### The task:
Using the records that follow, reproduce exactly the lines starting at the line containing "This miniature clock" and ending at the line containing "Корейская плиссированная настольная". Include both end lines and no pictures.

### Given records:
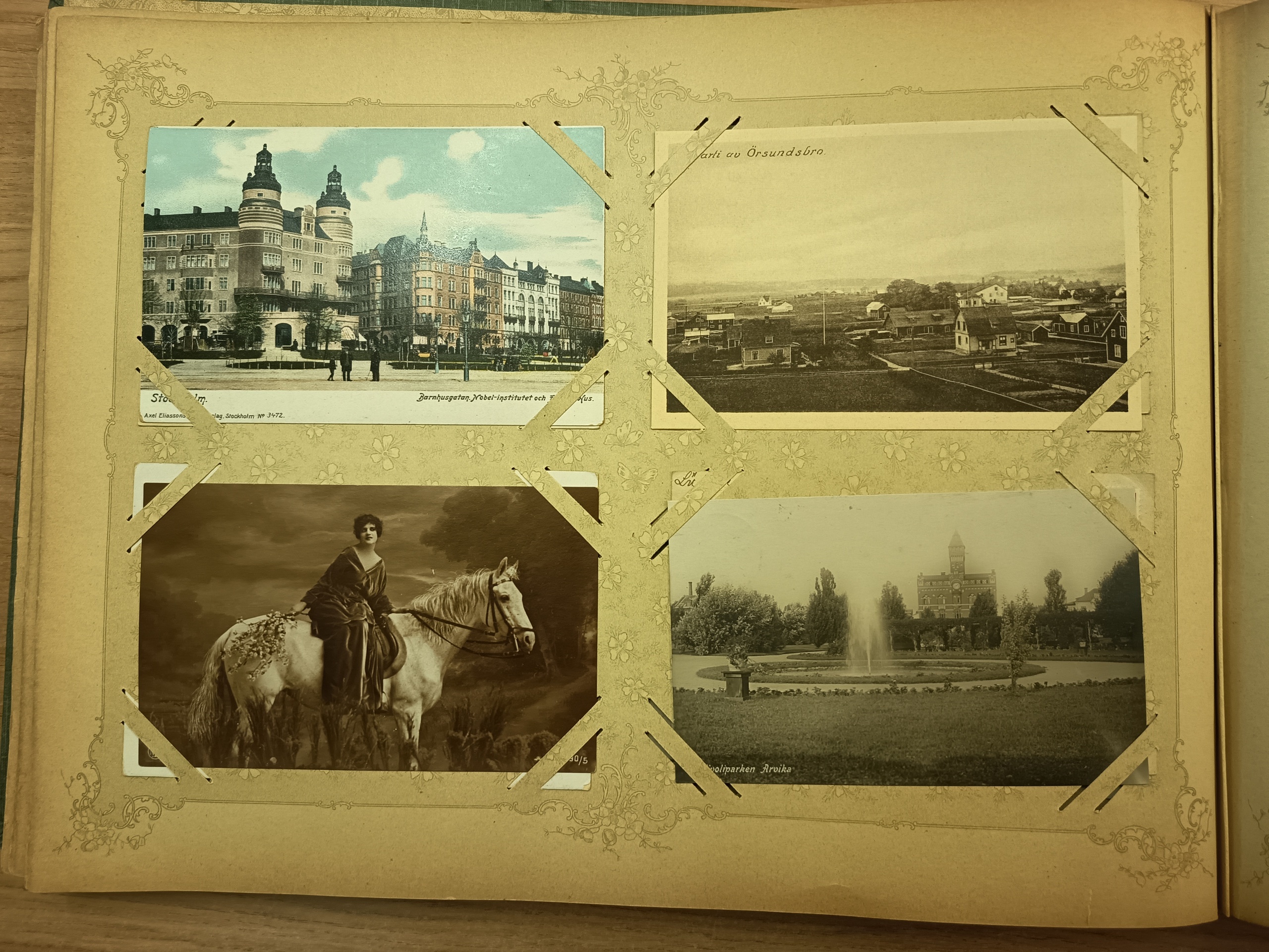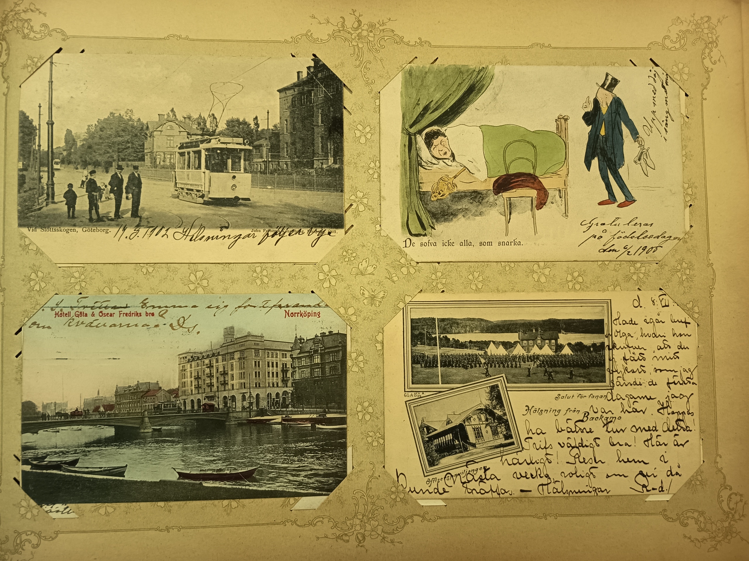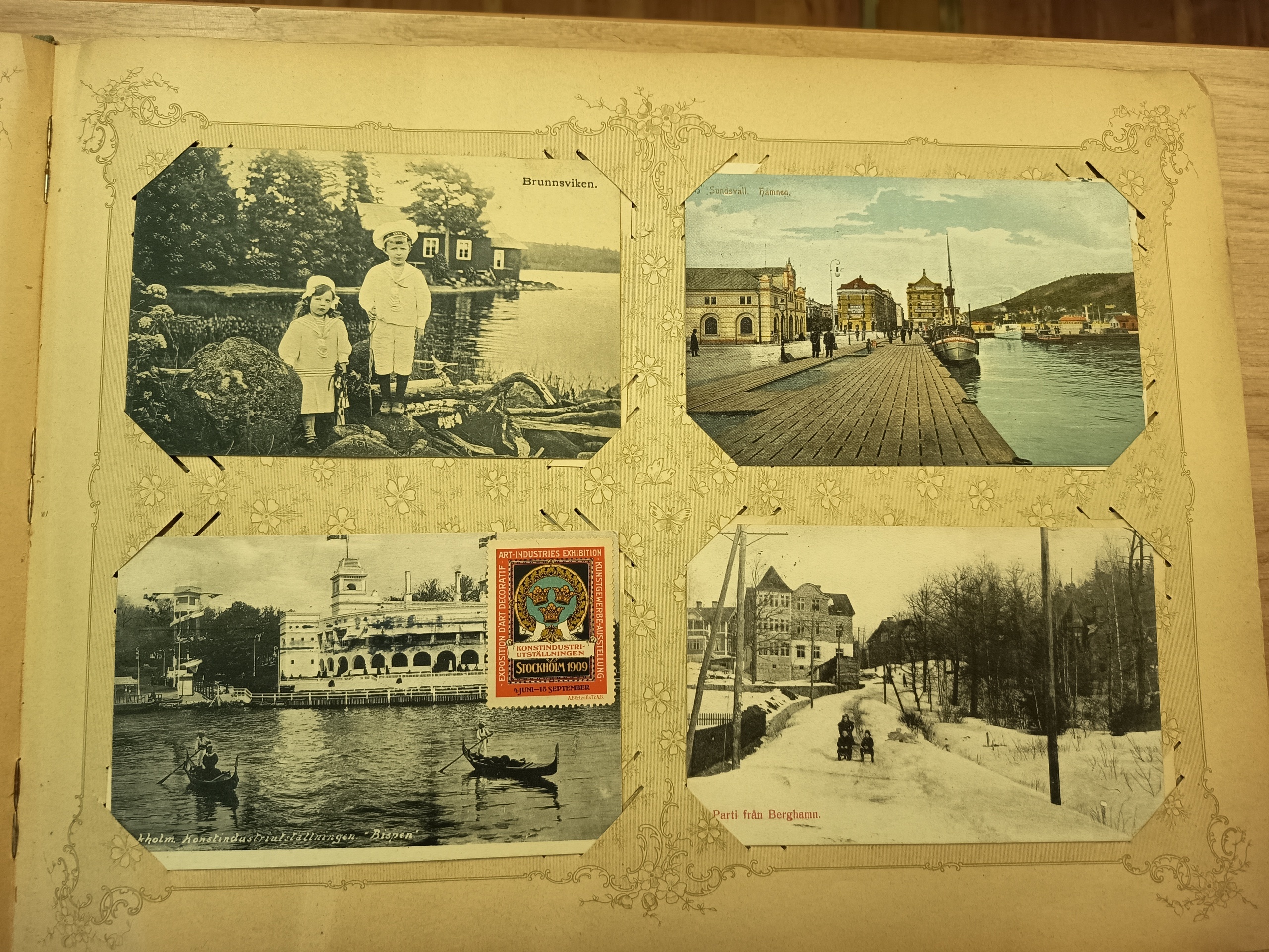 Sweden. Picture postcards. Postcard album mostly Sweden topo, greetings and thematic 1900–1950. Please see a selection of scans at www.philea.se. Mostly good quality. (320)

==

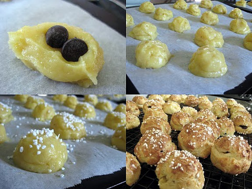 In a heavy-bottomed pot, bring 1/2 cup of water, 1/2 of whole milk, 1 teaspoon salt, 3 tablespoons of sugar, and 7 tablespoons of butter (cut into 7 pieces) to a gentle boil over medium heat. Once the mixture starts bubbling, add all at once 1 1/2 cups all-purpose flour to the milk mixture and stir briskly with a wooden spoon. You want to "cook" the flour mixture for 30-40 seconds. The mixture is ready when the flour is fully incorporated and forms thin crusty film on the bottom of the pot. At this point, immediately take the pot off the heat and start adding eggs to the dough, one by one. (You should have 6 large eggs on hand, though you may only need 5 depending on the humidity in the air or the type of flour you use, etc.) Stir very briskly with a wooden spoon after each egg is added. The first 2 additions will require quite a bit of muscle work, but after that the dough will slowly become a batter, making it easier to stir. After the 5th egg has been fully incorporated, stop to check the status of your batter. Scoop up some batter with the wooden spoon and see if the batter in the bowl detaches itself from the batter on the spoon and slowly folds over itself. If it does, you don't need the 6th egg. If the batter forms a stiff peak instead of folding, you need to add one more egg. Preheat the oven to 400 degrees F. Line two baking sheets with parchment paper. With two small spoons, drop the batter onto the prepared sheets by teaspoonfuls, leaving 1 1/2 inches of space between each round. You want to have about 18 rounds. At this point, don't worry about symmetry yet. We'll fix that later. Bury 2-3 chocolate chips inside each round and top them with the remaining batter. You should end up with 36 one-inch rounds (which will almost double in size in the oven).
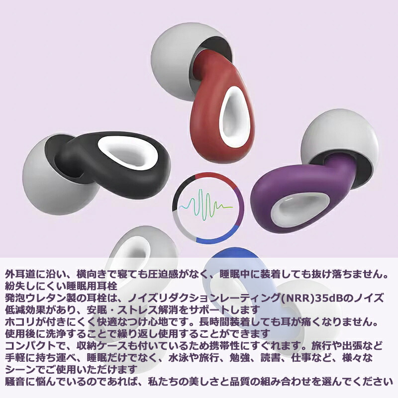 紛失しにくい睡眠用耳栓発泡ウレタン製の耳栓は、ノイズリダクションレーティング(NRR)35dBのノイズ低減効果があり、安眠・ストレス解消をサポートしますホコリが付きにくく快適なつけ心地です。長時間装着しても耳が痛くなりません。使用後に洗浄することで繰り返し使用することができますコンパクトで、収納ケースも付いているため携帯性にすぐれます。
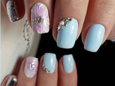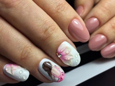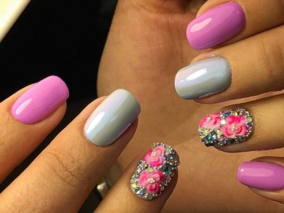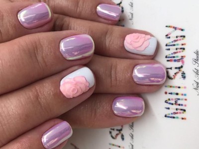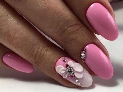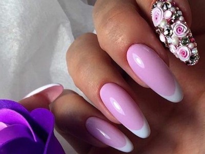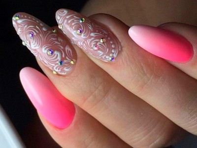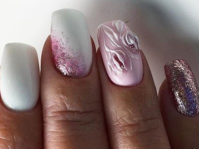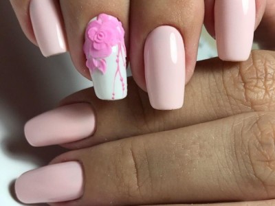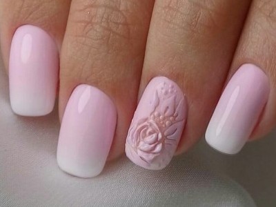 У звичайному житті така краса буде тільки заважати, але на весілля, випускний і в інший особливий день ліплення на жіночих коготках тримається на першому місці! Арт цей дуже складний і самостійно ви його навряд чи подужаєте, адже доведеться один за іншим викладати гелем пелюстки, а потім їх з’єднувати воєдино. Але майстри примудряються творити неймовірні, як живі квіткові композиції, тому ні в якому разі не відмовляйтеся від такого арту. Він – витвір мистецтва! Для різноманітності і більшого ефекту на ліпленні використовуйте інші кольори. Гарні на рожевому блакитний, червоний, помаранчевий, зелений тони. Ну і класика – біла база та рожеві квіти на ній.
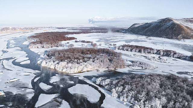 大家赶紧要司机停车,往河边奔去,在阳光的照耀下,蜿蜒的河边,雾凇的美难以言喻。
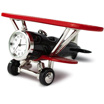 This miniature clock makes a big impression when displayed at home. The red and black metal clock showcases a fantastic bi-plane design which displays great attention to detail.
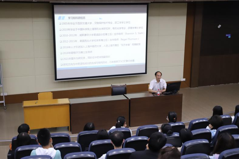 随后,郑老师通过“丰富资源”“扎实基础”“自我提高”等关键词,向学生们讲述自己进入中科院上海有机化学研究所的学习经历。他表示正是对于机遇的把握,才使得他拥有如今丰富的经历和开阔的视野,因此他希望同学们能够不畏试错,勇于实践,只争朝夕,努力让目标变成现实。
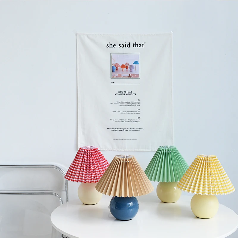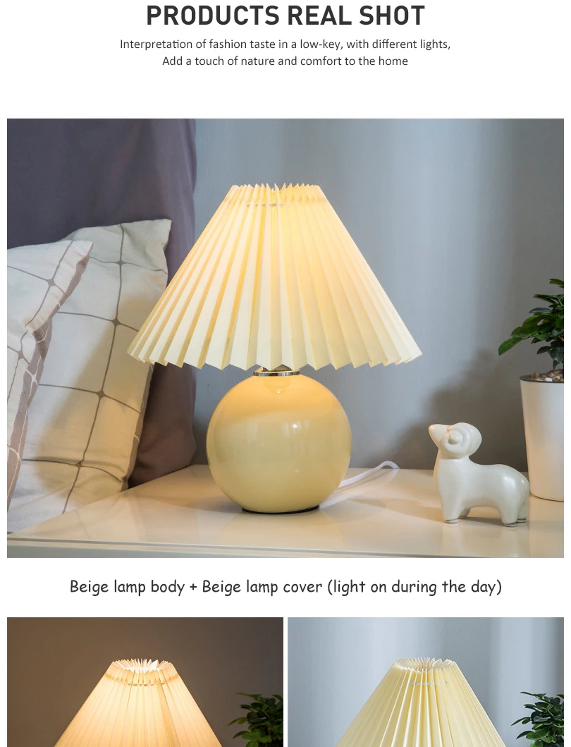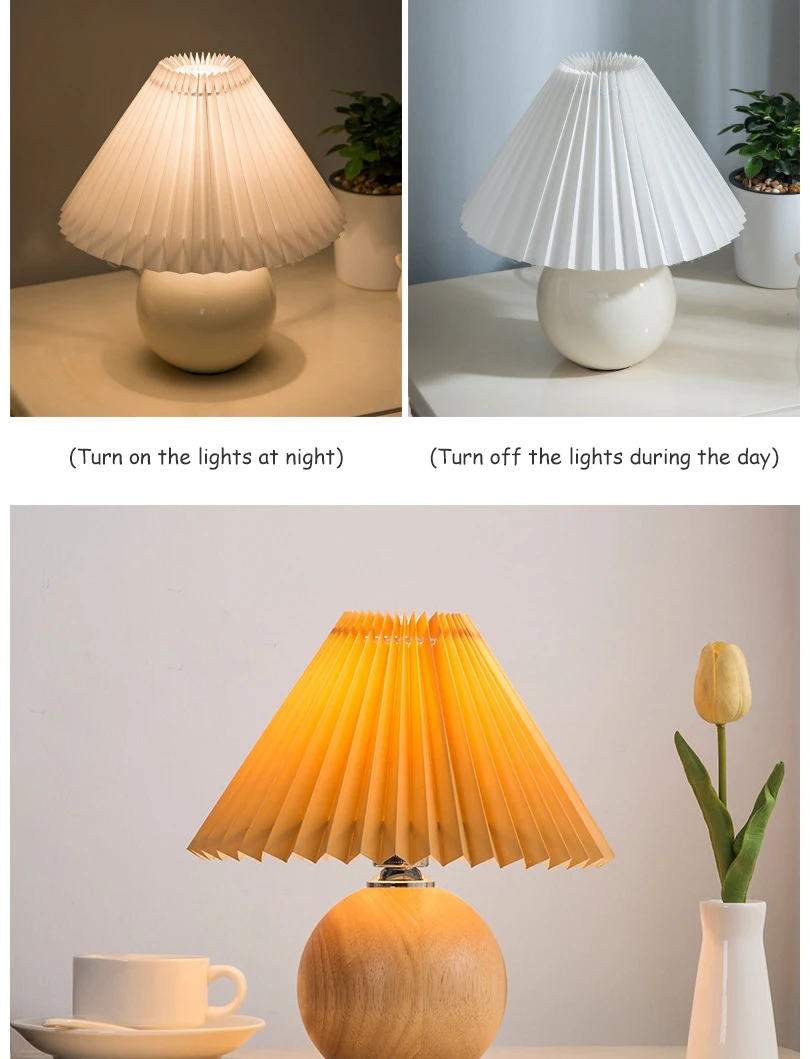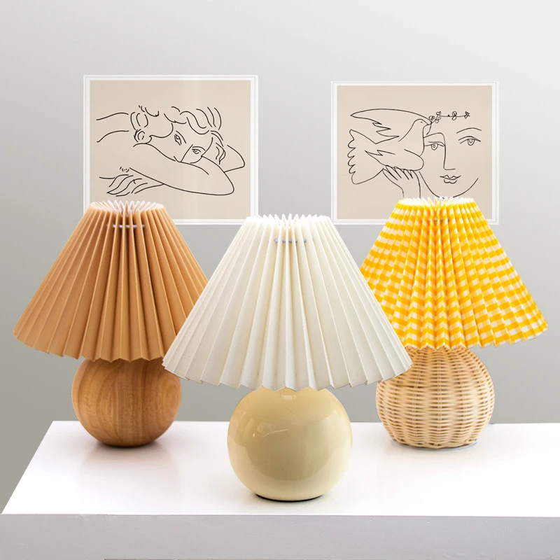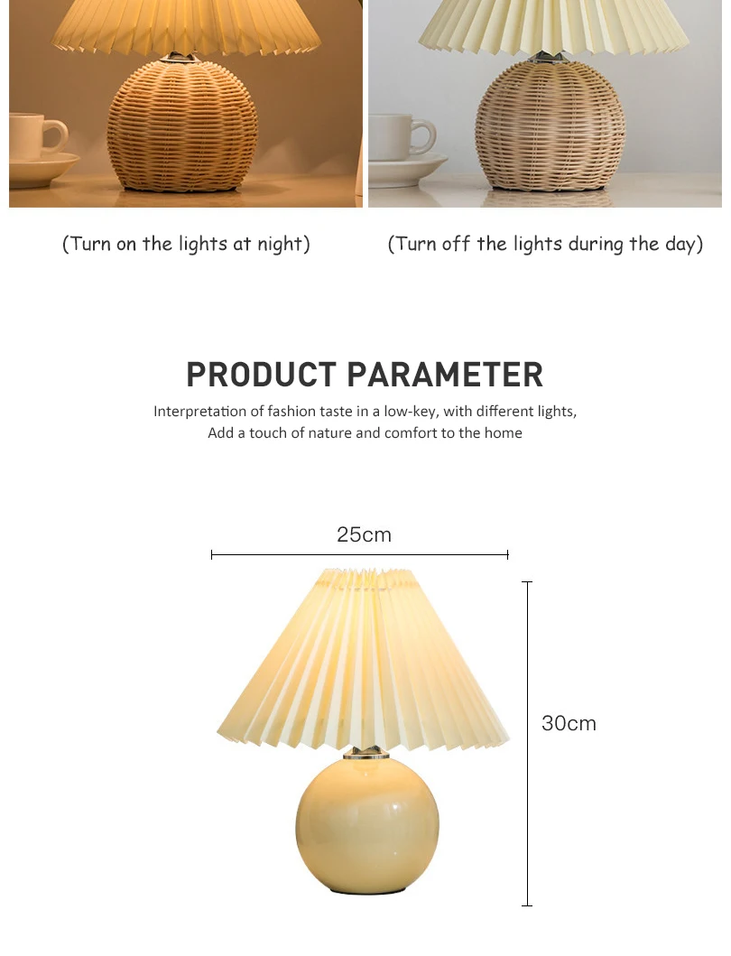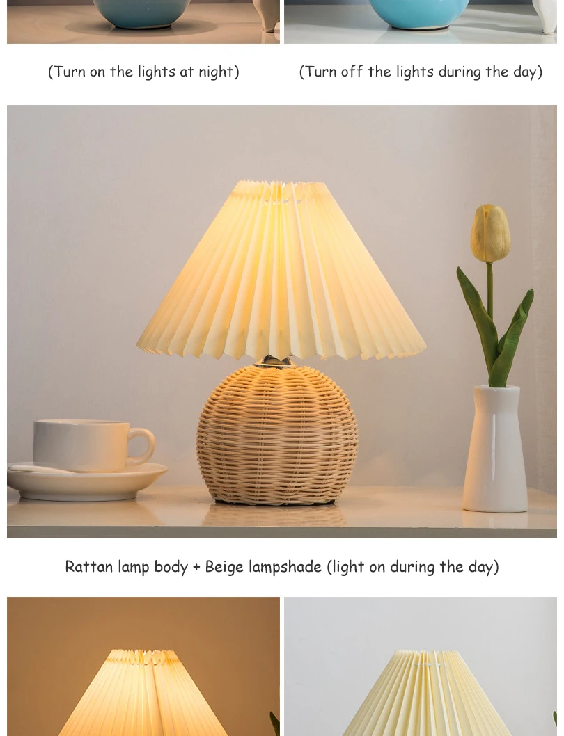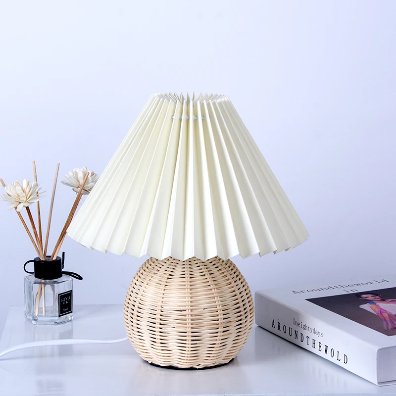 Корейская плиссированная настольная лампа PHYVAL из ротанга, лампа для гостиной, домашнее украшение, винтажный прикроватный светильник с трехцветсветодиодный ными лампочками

### Answer to this problem:
 This miniature clock makes a big impression when displayed at home. The red and black metal clock showcases a fantastic bi-plane design which displays great attention to detail.
 随后,郑老师通过“丰富资源”“扎实基础”“自我提高”等关键词,向学生们讲述自己进入中科院上海有机化学研究所的学习经历。他表示正是对于机遇的把握,才使得他拥有如今丰富的经历和开阔的视野,因此他希望同学们能够不畏试错,勇于实践,只争朝夕,努力让目标变成现实。
 Корейская плиссированная настольная лампа PHYVAL из ротанга, лампа для гостиной, домашнее украшение, винтажный прикроватный светильник с трехцветсветодиодный ными лампочками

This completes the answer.